* [Supplied material]
*** Block opens ***

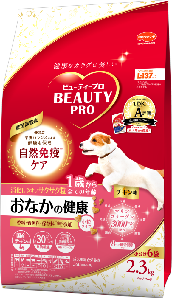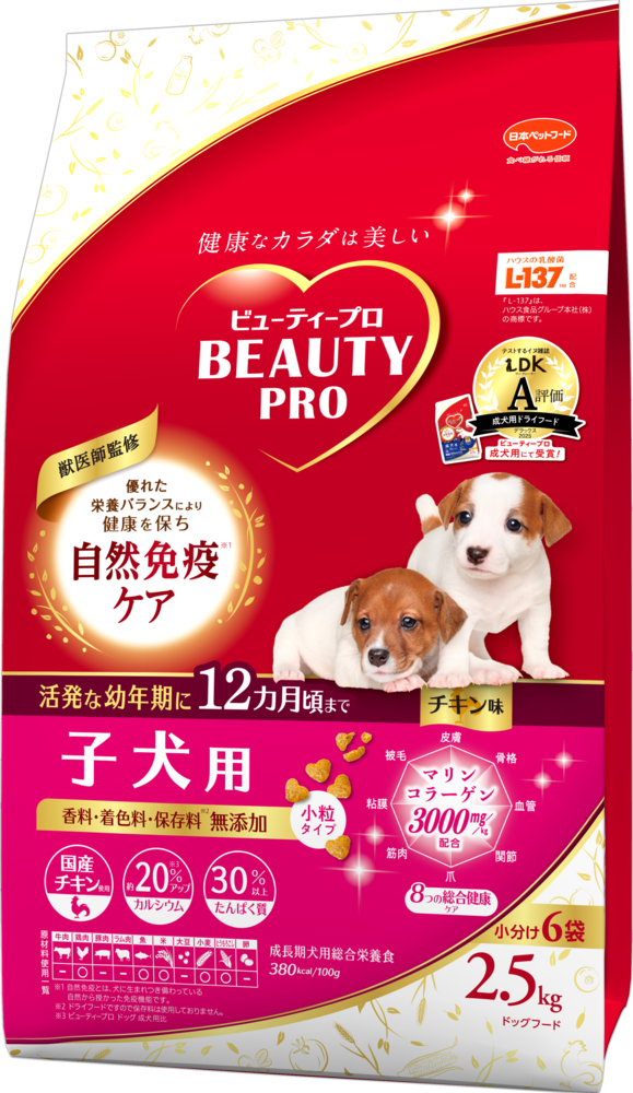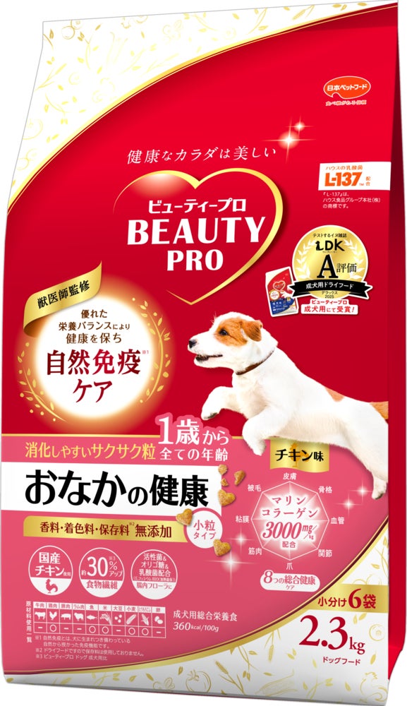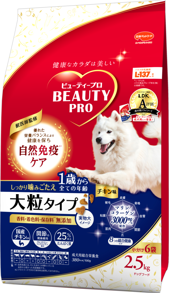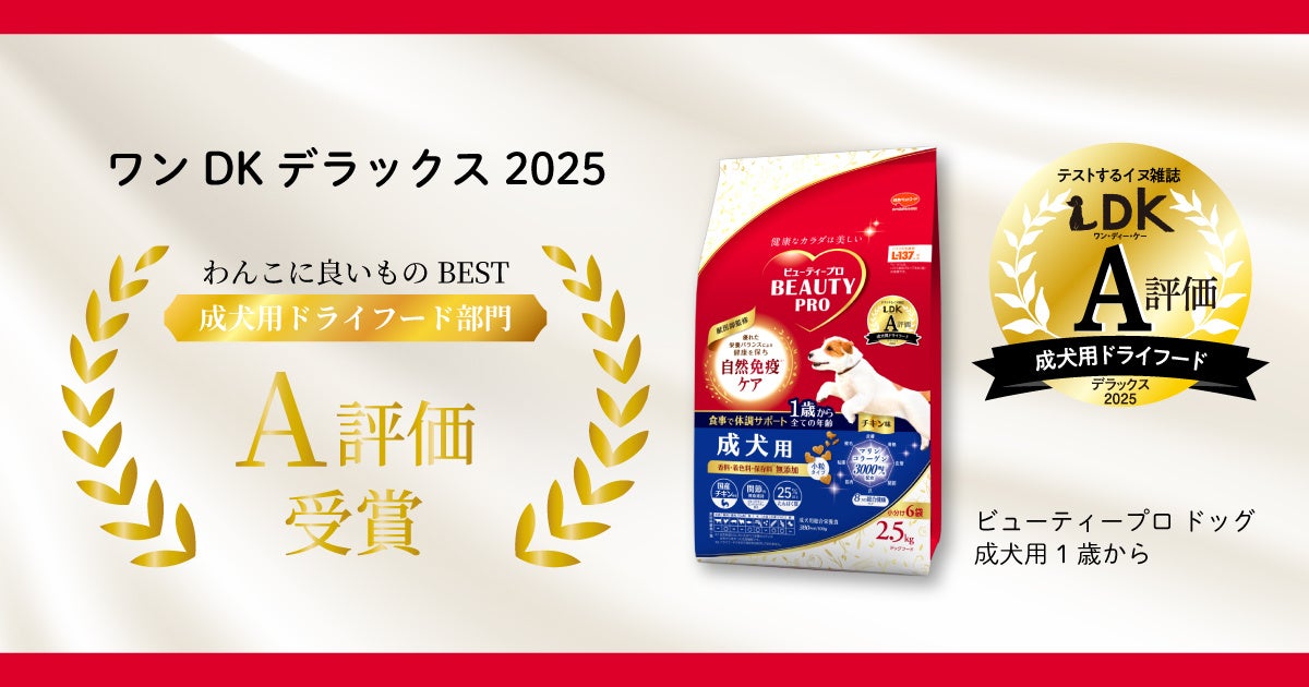 雑誌「LDK」の犬版『ワンDKデラックス2025 わんこに良いものBEST』で、「ビューティープロ ドッグ 成犬用 1歳から」が 成犬用ドライフード部門でA評価を受賞しました。
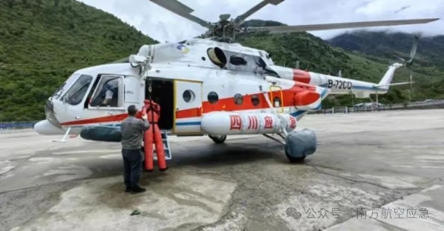 灾情发生后,应急管理部南方航空护林总站高度重视,指令下属的成都站立即进入战备状态,做好航空救援一切准备。根据四川省、甘孜州应急管理部门要求,成都站迅速派出康定基地一架M-171和淮州基地一架AW-109直升机开展空中侦察和索降救援。
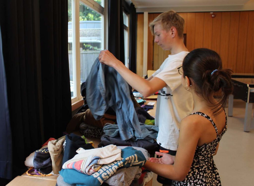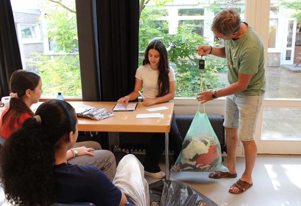 Dienstag, den 02. Juli 2024: Schüler:innen unserer 7. Klassen haben am Texil Race teilgenommen, bei dem es um das Sammeln, die Wiederverwendung und das Recyclen von Textilien geht. Ca. 30 Säcke sind von unseren Schüler:innen und deren Eltern abgegeben worden und wir haben die schönsten Kleidungsstücke herausgesucht, um sie auf einer Textilbörse an unserer Schule für einen guten Zweck für kleines Geld zu verkaufen. Der Rest der Textilien wird nächste Woche von der Firma https://www.fws.de/ abgeholt und dann weitersortiert und weitergegeben/weiterverarbeitet.
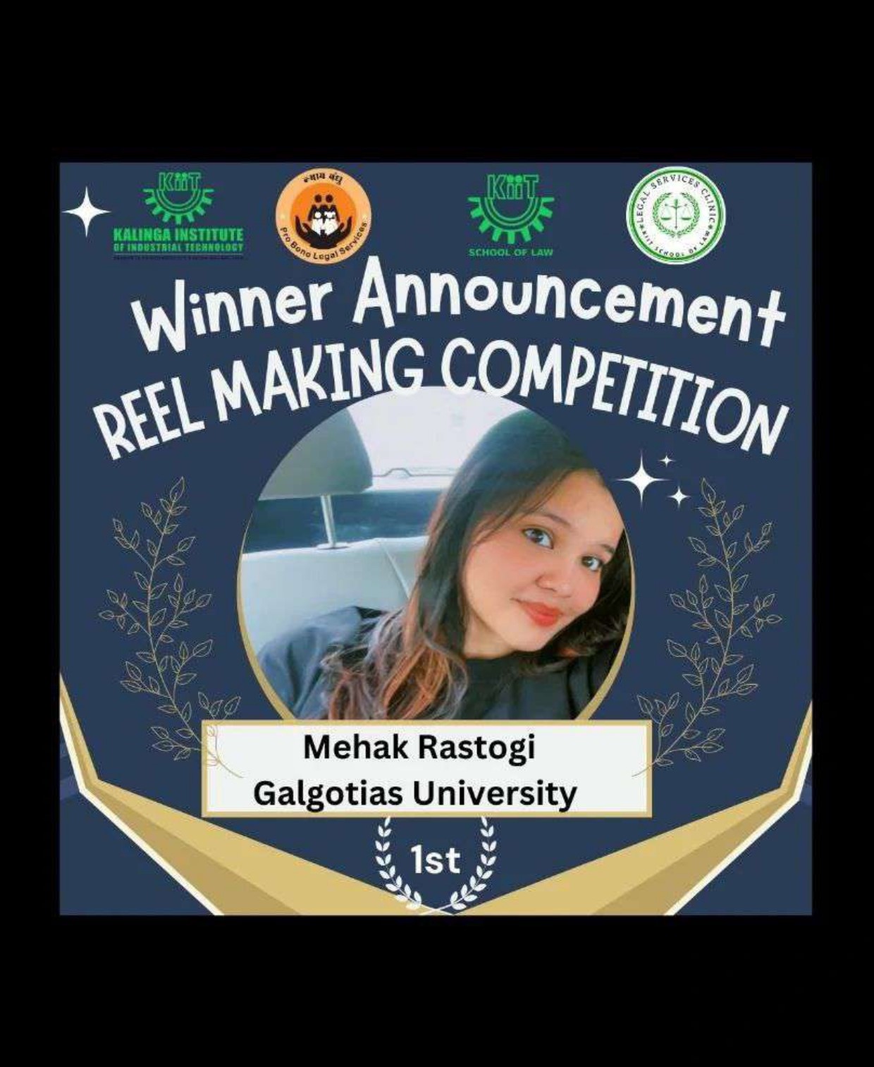 - 1st Prize: Mehak Rastogi from Galgotias University wowed the judges with her insightful and visually engaging reel that demystified complex legal principles.

*** Block closes ***

Restate all of the material above word for word, excluding the pictures.

* [Response to the exercise]
 雑誌「LDK」の犬版『ワンDKデラックス2025 わんこに良いものBEST』で、「ビューティープロ ドッグ 成犬用 1歳から」が 成犬用ドライフード部門でA評価を受賞しました。
 灾情发生后,应急管理部南方航空护林总站高度重视,指令下属的成都站立即进入战备状态,做好航空救援一切准备。根据四川省、甘孜州应急管理部门要求,成都站迅速派出康定基地一架M-171和淮州基地一架AW-109直升机开展空中侦察和索降救援。
 Dienstag, den 02. Juli 2024: Schüler:innen unserer 7. Klassen haben am Texil Race teilgenommen, bei dem es um das Sammeln, die Wiederverwendung und das Recyclen von Textilien geht. Ca. 30 Säcke sind von unseren Schüler:innen und deren Eltern abgegeben worden und wir haben die schönsten Kleidungsstücke herausgesucht, um sie auf einer Textilbörse an unserer Schule für einen guten Zweck für kleines Geld zu verkaufen. Der Rest der Textilien wird nächste Woche von der Firma https://www.fws.de/ abgeholt und dann weitersortiert und weitergegeben/weiterverarbeitet.
 - 1st Prize: Mehak Rastogi from Galgotias University wowed the judges with her insightful and visually engaging reel that demystified complex legal principles.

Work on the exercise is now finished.